----- Extracted data -----
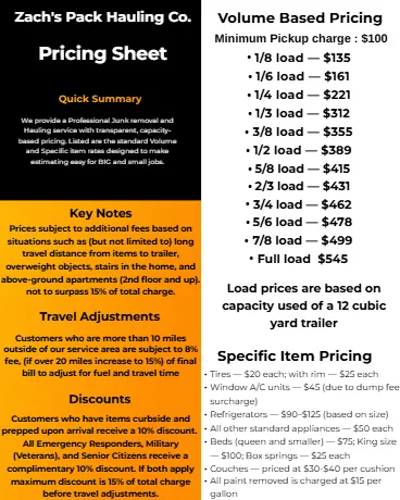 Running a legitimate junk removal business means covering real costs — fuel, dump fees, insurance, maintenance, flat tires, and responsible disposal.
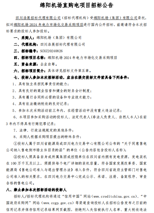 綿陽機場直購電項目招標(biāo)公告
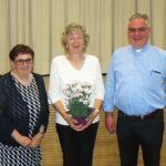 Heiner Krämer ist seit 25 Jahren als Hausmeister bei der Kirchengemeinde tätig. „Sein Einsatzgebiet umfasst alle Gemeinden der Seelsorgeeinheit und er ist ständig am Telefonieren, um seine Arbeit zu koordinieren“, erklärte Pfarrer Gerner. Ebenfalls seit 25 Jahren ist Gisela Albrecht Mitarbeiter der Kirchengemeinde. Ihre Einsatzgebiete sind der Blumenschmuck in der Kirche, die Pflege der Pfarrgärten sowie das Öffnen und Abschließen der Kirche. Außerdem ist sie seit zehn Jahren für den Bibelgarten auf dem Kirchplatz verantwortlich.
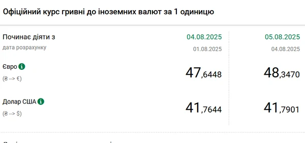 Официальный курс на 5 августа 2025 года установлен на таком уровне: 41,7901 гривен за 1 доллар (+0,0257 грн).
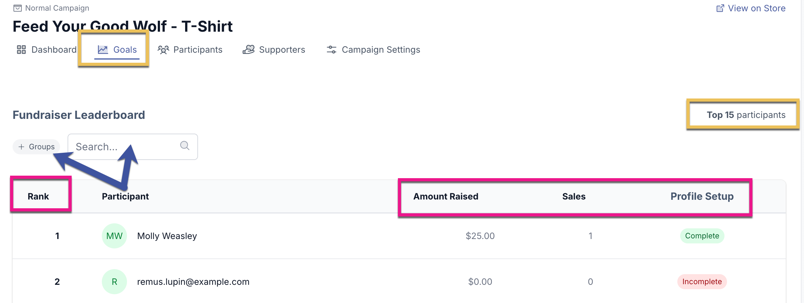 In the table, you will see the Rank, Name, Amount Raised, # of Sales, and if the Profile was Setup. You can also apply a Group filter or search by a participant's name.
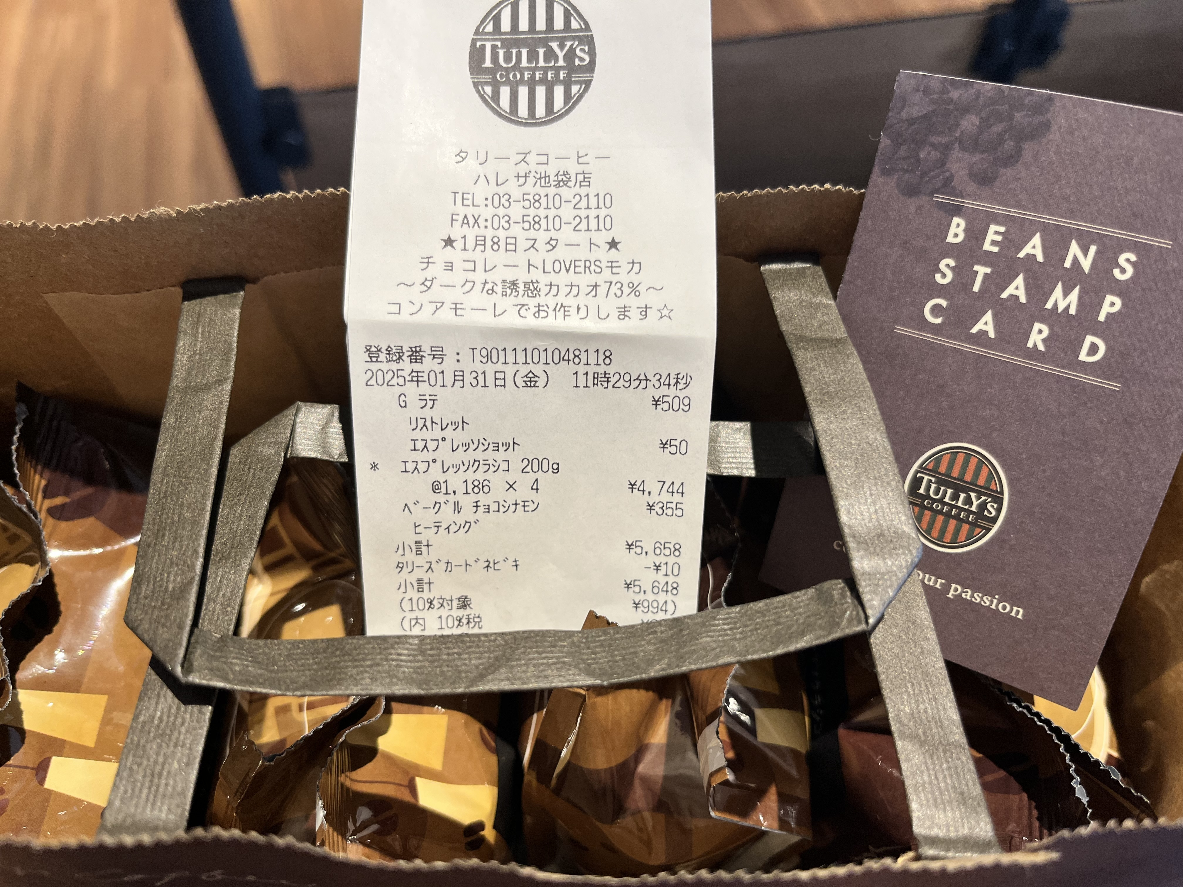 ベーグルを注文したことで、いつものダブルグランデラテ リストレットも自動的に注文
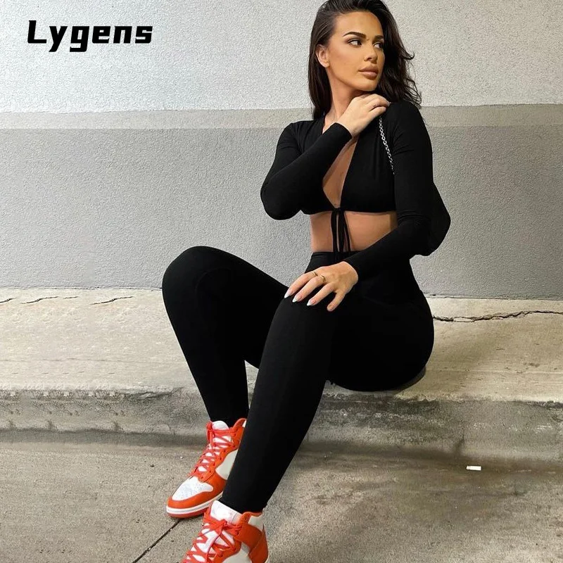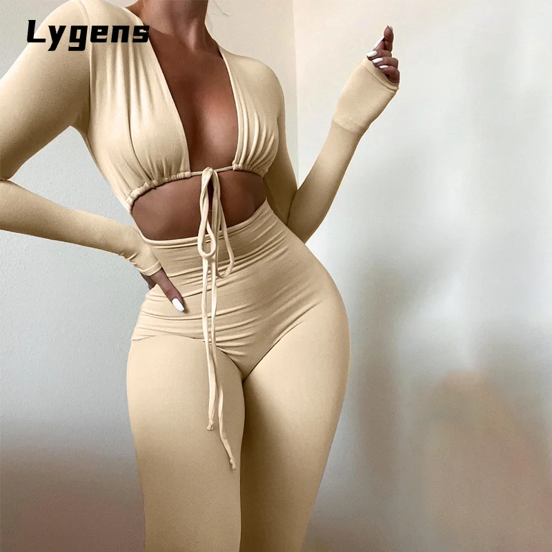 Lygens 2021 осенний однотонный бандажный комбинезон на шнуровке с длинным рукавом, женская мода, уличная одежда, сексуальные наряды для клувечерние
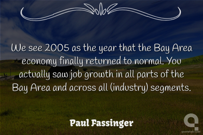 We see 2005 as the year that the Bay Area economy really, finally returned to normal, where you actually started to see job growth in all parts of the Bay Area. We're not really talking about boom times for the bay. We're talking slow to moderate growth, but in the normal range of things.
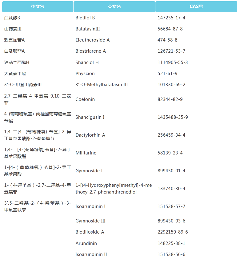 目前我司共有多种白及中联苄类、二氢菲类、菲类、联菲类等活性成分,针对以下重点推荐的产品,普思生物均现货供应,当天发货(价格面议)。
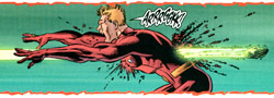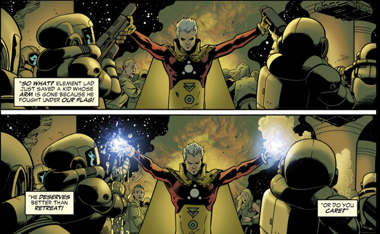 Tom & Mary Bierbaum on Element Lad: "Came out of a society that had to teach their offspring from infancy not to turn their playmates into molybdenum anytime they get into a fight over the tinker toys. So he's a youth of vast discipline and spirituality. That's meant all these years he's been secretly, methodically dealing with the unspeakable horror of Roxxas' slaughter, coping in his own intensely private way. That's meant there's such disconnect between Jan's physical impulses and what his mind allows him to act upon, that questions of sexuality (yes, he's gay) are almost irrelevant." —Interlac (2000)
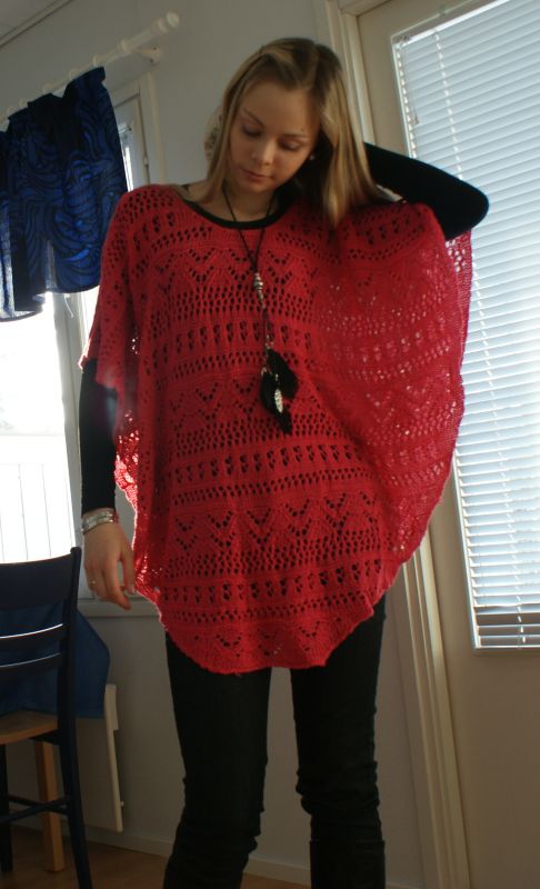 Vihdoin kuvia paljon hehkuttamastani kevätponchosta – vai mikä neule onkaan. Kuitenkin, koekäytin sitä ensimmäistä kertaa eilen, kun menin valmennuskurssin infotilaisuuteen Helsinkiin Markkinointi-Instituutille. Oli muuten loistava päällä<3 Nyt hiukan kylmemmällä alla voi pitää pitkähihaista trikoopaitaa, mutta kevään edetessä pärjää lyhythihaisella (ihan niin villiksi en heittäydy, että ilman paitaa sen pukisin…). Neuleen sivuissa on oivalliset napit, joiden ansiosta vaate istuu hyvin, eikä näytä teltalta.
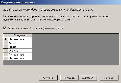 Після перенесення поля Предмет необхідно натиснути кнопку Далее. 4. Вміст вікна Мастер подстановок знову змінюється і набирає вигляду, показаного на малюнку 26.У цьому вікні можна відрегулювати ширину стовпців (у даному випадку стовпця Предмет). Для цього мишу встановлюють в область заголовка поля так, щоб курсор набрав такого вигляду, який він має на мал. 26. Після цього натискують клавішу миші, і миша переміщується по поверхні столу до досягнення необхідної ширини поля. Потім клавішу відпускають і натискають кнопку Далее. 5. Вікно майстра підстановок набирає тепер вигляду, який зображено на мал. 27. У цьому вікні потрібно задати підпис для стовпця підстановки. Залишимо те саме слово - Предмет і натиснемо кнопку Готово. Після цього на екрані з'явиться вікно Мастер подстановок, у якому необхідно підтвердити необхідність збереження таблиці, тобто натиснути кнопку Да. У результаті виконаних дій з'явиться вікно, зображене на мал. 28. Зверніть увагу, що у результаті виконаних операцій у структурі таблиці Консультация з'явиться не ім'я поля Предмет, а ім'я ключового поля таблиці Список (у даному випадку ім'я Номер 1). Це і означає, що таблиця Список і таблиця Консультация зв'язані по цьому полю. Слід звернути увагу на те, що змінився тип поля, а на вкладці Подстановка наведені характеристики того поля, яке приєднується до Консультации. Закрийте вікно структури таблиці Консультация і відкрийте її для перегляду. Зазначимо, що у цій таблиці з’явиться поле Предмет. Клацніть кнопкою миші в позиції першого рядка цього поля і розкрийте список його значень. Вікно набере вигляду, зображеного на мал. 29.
-----
• [Exercise objective]: Please copy the entries in full. Leave each image out.

• [Expected answer]:
 Running a legitimate junk removal business means covering real costs — fuel, dump fees, insurance, maintenance, flat tires, and responsible disposal.
 綿陽機場直購電項目招標(biāo)公告
 Heiner Krämer ist seit 25 Jahren als Hausmeister bei der Kirchengemeinde tätig. „Sein Einsatzgebiet umfasst alle Gemeinden der Seelsorgeeinheit und er ist ständig am Telefonieren, um seine Arbeit zu koordinieren“, erklärte Pfarrer Gerner. Ebenfalls seit 25 Jahren ist Gisela Albrecht Mitarbeiter der Kirchengemeinde. Ihre Einsatzgebiete sind der Blumenschmuck in der Kirche, die Pflege der Pfarrgärten sowie das Öffnen und Abschließen der Kirche. Außerdem ist sie seit zehn Jahren für den Bibelgarten auf dem Kirchplatz verantwortlich.
 Официальный курс на 5 августа 2025 года установлен на таком уровне: 41,7901 гривен за 1 доллар (+0,0257 грн).
 In the table, you will see the Rank, Name, Amount Raised, # of Sales, and if the Profile was Setup. You can also apply a Group filter or search by a participant's name.
 ベーグルを注文したことで、いつものダブルグランデラテ リストレットも自動的に注文
 Lygens 2021 осенний однотонный бандажный комбинезон на шнуровке с длинным рукавом, женская мода, уличная одежда, сексуальные наряды для клувечерние
 We see 2005 as the year that the Bay Area economy really, finally returned to normal, where you actually started to see job growth in all parts of the Bay Area. We're not really talking about boom times for the bay. We're talking slow to moderate growth, but in the normal range of things.
 目前我司共有多种白及中联苄类、二氢菲类、菲类、联菲类等活性成分,针对以下重点推荐的产品,普思生物均现货供应,当天发货(价格面议)。
 Tom & Mary Bierbaum on Element Lad: "Came out of a society that had to teach their offspring from infancy not to turn their playmates into molybdenum anytime they get into a fight over the tinker toys. So he's a youth of vast discipline and spirituality. That's meant all these years he's been secretly, methodically dealing with the unspeakable horror of Roxxas' slaughter, coping in his own intensely private way. That's meant there's such disconnect between Jan's physical impulses and what his mind allows him to act upon, that questions of sexuality (yes, he's gay) are almost irrelevant." —Interlac (2000)
 Vihdoin kuvia paljon hehkuttamastani kevätponchosta – vai mikä neule onkaan. Kuitenkin, koekäytin sitä ensimmäistä kertaa eilen, kun menin valmennuskurssin infotilaisuuteen Helsinkiin Markkinointi-Instituutille. Oli muuten loistava päällä<3 Nyt hiukan kylmemmällä alla voi pitää pitkähihaista trikoopaitaa, mutta kevään edetessä pärjää lyhythihaisella (ihan niin villiksi en heittäydy, että ilman paitaa sen pukisin…). Neuleen sivuissa on oivalliset napit, joiden ansiosta vaate istuu hyvin, eikä näytä teltalta.
 Після перенесення поля Предмет необхідно натиснути кнопку Далее. 4. Вміст вікна Мастер подстановок знову змінюється і набирає вигляду, показаного на малюнку 26.У цьому вікні можна відрегулювати ширину стовпців (у даному випадку стовпця Предмет). Для цього мишу встановлюють в область заголовка поля так, щоб курсор набрав такого вигляду, який він має на мал. 26. Після цього натискують клавішу миші, і миша переміщується по поверхні столу до досягнення необхідної ширини поля. Потім клавішу відпускають і натискають кнопку Далее. 5. Вікно майстра підстановок набирає тепер вигляду, який зображено на мал. 27. У цьому вікні потрібно задати підпис для стовпця підстановки. Залишимо те саме слово - Предмет і натиснемо кнопку Готово. Після цього на екрані з'явиться вікно Мастер подстановок, у якому необхідно підтвердити необхідність збереження таблиці, тобто натиснути кнопку Да. У результаті виконаних дій з'явиться вікно, зображене на мал. 28. Зверніть увагу, що у результаті виконаних операцій у структурі таблиці Консультация з'явиться не ім'я поля Предмет, а ім'я ключового поля таблиці Список (у даному випадку ім'я Номер 1). Це і означає, що таблиця Список і таблиця Консультация зв'язані по цьому полю. Слід звернути увагу на те, що змінився тип поля, а на вкладці Подстановка наведені характеристики того поля, яке приєднується до Консультации. Закрийте вікно структури таблиці Консультация і відкрийте її для перегляду. Зазначимо, що у цій таблиці з’явиться поле Предмет. Клацніть кнопкою миші в позиції першого рядка цього поля і розкрийте список його значень. Вікно набере вигляду, зображеного на мал. 29.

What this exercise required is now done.